I know that for big datasets we should try to consider calculations effort and try to minimize execution speed if it does not harm quality.

In many models, like regression, neural network, probably somewhere else, sigmoid function is used as a cost function. Input values in range (- infinity, -4] give output 0.01 or less. Input values in range [4, infinity) give output 0.99 or more.

Could we just map such values to 0.01 or 0.99 directly to improve calculation speed?

Does it make sense to improve performance against some inaccuracy in cost function?

Denis
  • 13

1 Answers1

1

If you're using a numerically stable version of the sigmoid function, some version of your proposal is already done to prevent overflow. In the function

$$f(x) = \frac{1}{\exp(-x)+1},$$ very small values of $x$ can cause numerical overflow. So to remediate that, a sigmoid implementation might look something like

def sigmoid(x):
    if x < -20.0:
         return 0.0
    else:
         return 1.0 / (exp(-x) + 1.0)

We don't need to worry about the case of large $x$, because if $x$ is too large, then $\exp(-x)$ becomes zero and we simply have $\frac{1}{0+1}=1$.

The value of -20 is chosen to be close to where overflow would result in a NaN return. A different choice could be more appropriate depending on the floating point precision and the particular usage. In particular, we might want to pick a well-chosen value to preclude erratic behavior near the cusp of loss of precision.
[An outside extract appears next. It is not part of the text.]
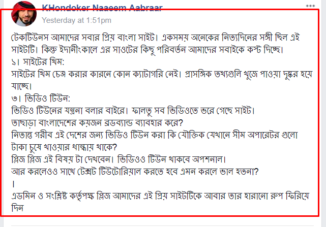 যাই হোক, আমি ছোট্ট মানুষ। আমার কথার দাম কেউ হয়তো দিবেন না। কিন্তু আমি একজন ভিজিটর হিসেবে আমার এটুকু বলার অধিকার আছে। TT অনেক ভালোবাসি। অনেক কিছু শিখছি। কিন্তু এখন অনেক খারাপ লাগে এই অবস্থা দেখে।
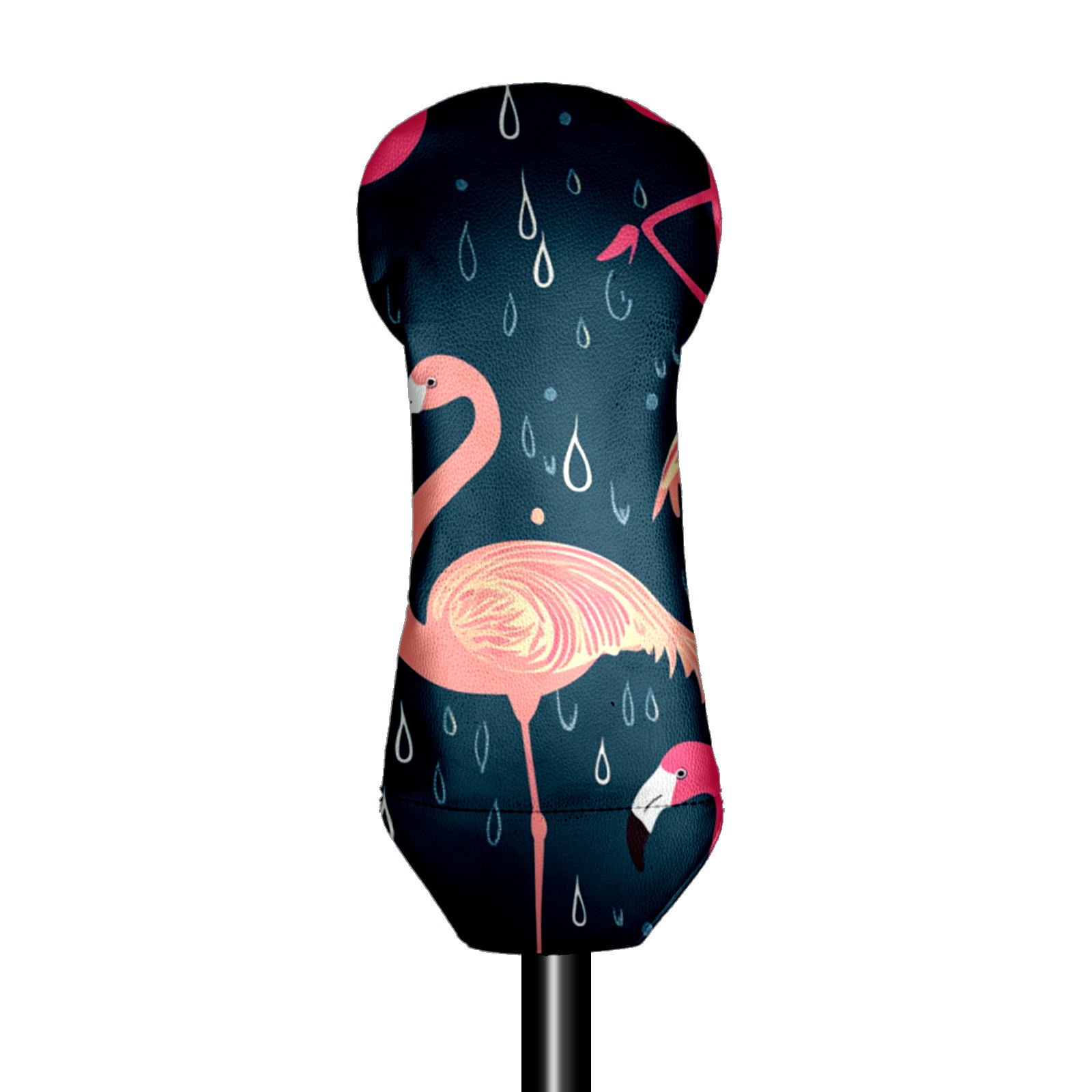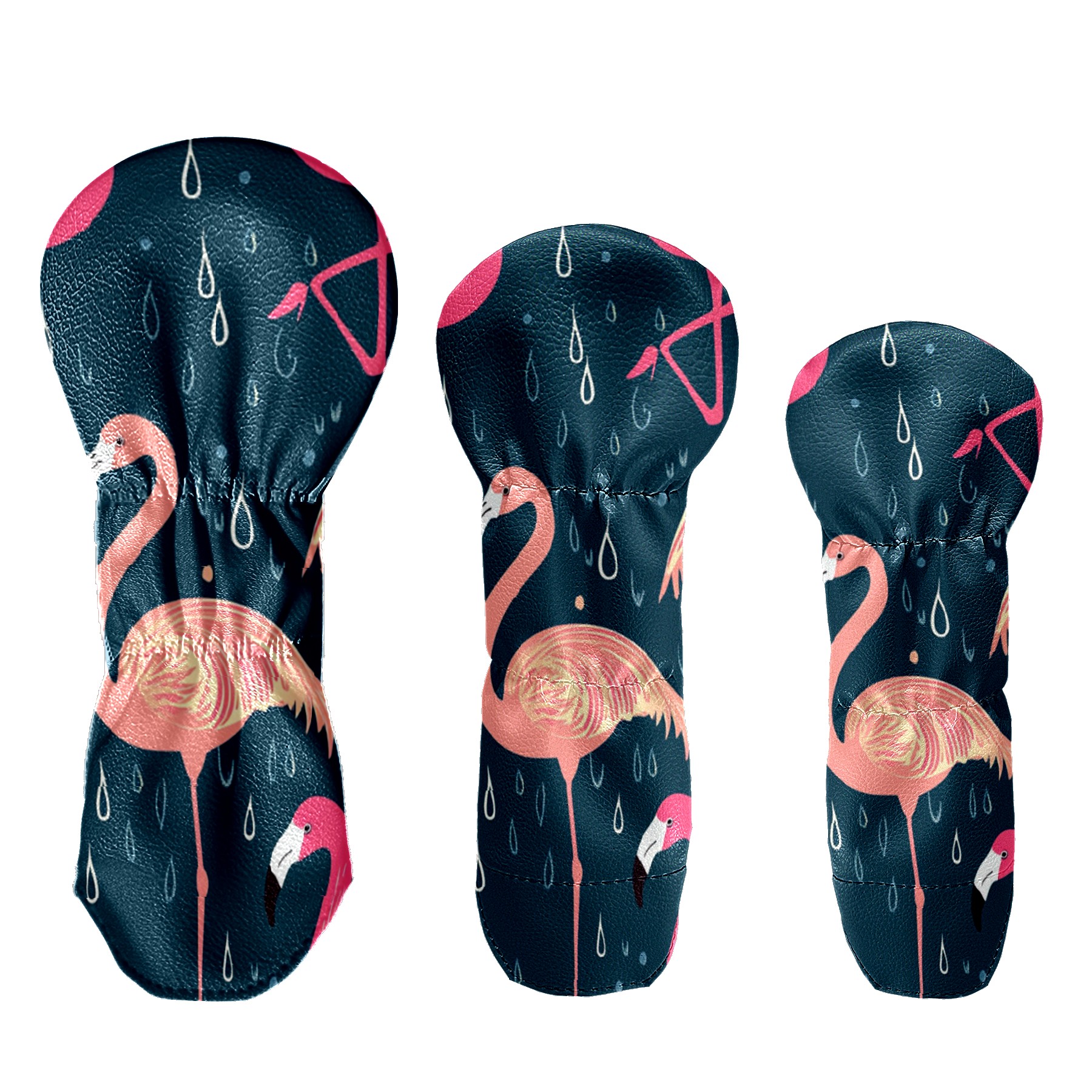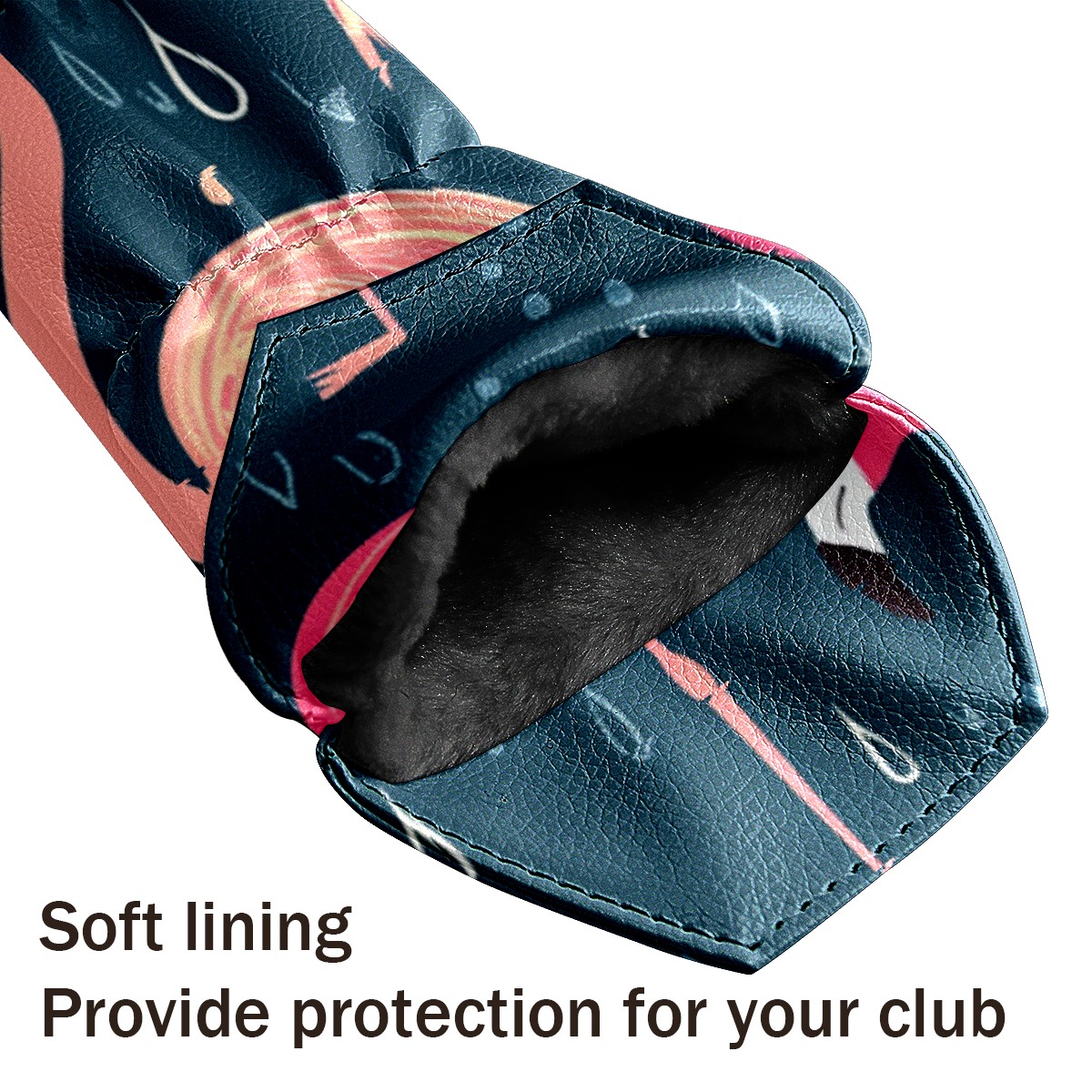 Golf Head Cover Waterproof Leather Headcovers for Driver Golf Accessories Golf Christmas Gift for Golfers 1/3/5 Hybrid Fairway Wood Cover PinkFlamingo

The purpose is not to conserve compute time, because the difference between 0.01 and 0.001 can be very important to your computation. Throwing away that precision could give bogus results, such as stopping a gradient-based method in its tracks because the gradient suddenly becomes zero. Whether or not it's a good idea to compromise your computation's precision to get a small performance increase should be decided on a case-by-case basis, since the cost of imprecision could be very high in one instance but negligible in another.

Sycorax
  • 90,934